Well, I get it now. Sara Zarr is just not light and fluffy. I won't be fooled again, even if they cover the whole darned book in pink icing. Next book she puts out, I'll read in PRIVATE.
Sweethearts is decidedly bittersweet. It's the story of two childhood friends, Jennifer and Cameron. Their understanding of each other is unusually deep, since each of them is suffering at the hands of a parent, Jennifer from neglect and Cameron from abuse. They are both children who have faced the dark side of life, and they provide each other with comfort and recognition. As friends, they love each other with a love that sustains them through every painful and unfair thing they have to go through, each insult to their souls that they are powerless to stop, since, after all, they are just kids. They are also witness to each other's suffering. Especially on one terrible day, Jennifer's ninth birthday, when Cameron takes her to his house to give her a present he has made, and Cameron's sociopathic father turns on them both. Jennifer manages to escape, but Cameron does not, and neither one is able to talk about it for years.
One day Cameron vanishes and Jennifer is led to believe he has died. Her grief is intense and she never forgets him. As the years go on she remakes herself with a steely discipline and by high school she is thin, has a boyfriend, and is in with the popular crowd. Her mother has remarried and her home is more stable. She has expectations of university. She has even renamed herself.

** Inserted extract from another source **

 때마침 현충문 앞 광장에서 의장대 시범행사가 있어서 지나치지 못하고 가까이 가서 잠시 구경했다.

Then on her seventeenth birthday, Cameron leaves a card in her mailbox. He had not, after all, died. He has come back to find her. And reconnecting proves difficult and painful, but more real than anything she has done for years.
I think about how there are certain people who come into your life, and leave a mark.

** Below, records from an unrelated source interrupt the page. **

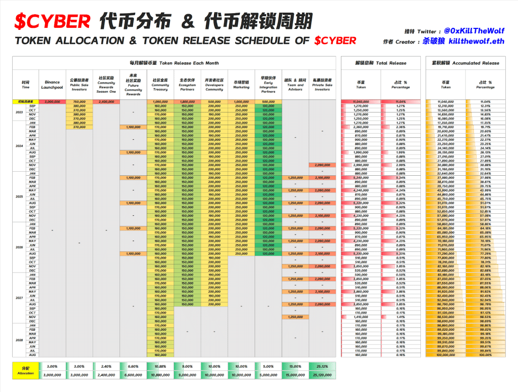 จำนวนจำกัดเริ่มต้นของ CYBER ที่ TGE คือ 11,038,000 (11.3% ของจำนวนรวมทั้งหมด) เปรียบเทียบกับ GAL ที่ 35,161,333 (17.5%) และ SEI ที่ 1,800,000,000 (18%) นอกจากนี้กฎการปลดล็อกสำหรับทีมและนักลงทุนมีดังนี้:
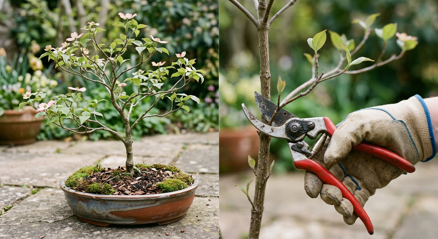 ハナミズキ本来の三角形の樹形を保つように、伸びた分だけを優しく剪定します。枝の分かれ目で、切り口が下を向くように切ると、見た目がきれいに仕上がります。
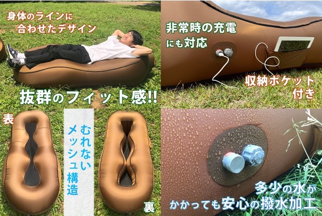自宅のリビングやベランダ、お庭で、公園の木陰やビーチ、湖畔、キャンプでも使える。軽くて気軽に持ち運べる どこでもリラックス出来るエアーベッド「CHILL FIT」通気性と安定性によるフィット感に加え、オートポンプ内蔵でスピード充填を実現しました。

My roommate asks me if I'm in love with Cameron and I say no, not in love. I start to tell her that I do love him, but stop myself before it comes out. It takes some thinking, years of it, in fact. I know I said it to him that night, and I still wonder if he heard me, but as I get older I think--can it really be love if we don't talk that much, don't see each other? Isn't love something that happens between people who spend time together and know each other's faults and take care of each other? Still, by the time I've had my share of boyfriends, I discover that even the ones I truly love never bring on the same kind of feeling I get when I think about Cameron. In the end, I decide that the mark we've left on each other is the colour and shape of love. That's the unfinished business between us.
Because love, love is never finished.
It circles and circles, the memories out of order and not always complete. There's one I always come back to: me and Cameron Quick, lying on the ground in an aspen grove on a golden fall day, the aspen leaves clattering and quaking the way they do. Cameron turning to me, reaching out a small and dirty hand, which I take and do not let go.
This wonderful, subtle story is so rich and layered and yet not one word seems superfluous. Everything Zarr writes about springs right to life before you...Cameron's creepy, sadistic father, the two kids who can understand but can't save each other, the forced nature of Jennifer's relationships with everyone but Cameron, the grown-up Cameron's itinerant, lost quality. The kind of friendship that becomes so deep and all-absorbing it starts to feel like couplehood is absolutely captured here. I got drawn into Jennifer and Cameron's story so quickly, and had trouble coming out at the other end. I really, really wanted them to stay together.Darn realistic endings. Sniff.